Si l’on entend par « design » l’agencement organisé de signes dans un sens donné, alors tout est design. C’est la dimension sémiologique du design. Le design est plus perçu comme un processus engageant une intention d’entreprise ou d’institution, une traduction de cette intention en termes stratégiques (le fameux dessein et dessin de Raymond Loewy).

Comme le suggérait déjà Victor Papanek, il y a « des » designs, relevant de démarches, de cultures, de métiers différents. Ceci nous amène à qualifier le design : le design sonore, le design graphique, le design d’objets, le design culturel, le design de chapeaux, le design de transport, le design de marque, le design durable,  le design social,… Aucun rapport entre le design de transport et le design graphique de marques !

Définition analytique du design

Le design dit « de communication », dans sa définition analytique, englobe traditionnellement :

-      la stratégie (stratégie de marque, stratégie de design) ;

-      l’identité de marque, aussi appelée conventionnellement identité visuelle ;

-      par extension, tous les métiers de la marque (de la recherche de nom issue de la détermination des valeurs d’une entreprise) ;

-      le packaging (emballage, branding, habillage graphique) ;

-      le design de produits ;

-      l’architecture commerciale et le design d’environnement.

Depuis quelques années, on y ajoute le webdesign et, comme le faisait Raymond Loewy, pour lequel tout était design : le design d’édition et le design publicitaire. Toutefois, pour le webdesign, seuls les aspects graphiques  sont ici concernés, parce que :

-      un webdesigner n’est pas un « chef de projet » qui orchestre à la fois le design,  la « stratégie digitale », la définition des fonctionnalités d’un site, son arborescence, la rédaction, son référencement, son développement, sa mise en ligne, sa maintenance.
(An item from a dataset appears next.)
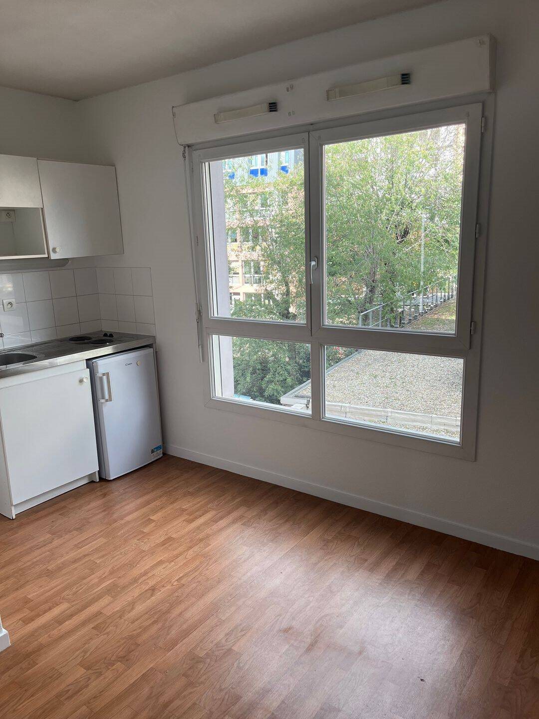 Beau studio situé à 350 mètres de la manufacture des tabacs au 2ème étage d'un immeuble récent. Cuisine équipée (mini frigo et plaques) et meublée. Salle de douche avec wc et emplacement pour machine à laver le linge placard radiateur et interphone
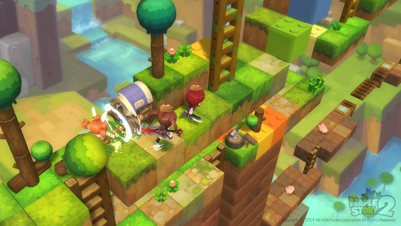 There will be PvP in MapleStory 2. You can pick up and use objects in the map as weapons!

Il ne s’intéresse qu’à la partie graphique, sur base d’un cahier des charges marketing et technique ;

-      un designer d’édition, de la même façon, ne rédige pas de textes.

-      un « designer publicitaire » au sens où Raymond Loewy l’entendait, organise un discours déjà rédigé, met en page.

Le design est multiple : vive le design !

Pour plus d’informations : Le Designer, Eyrolles Ed.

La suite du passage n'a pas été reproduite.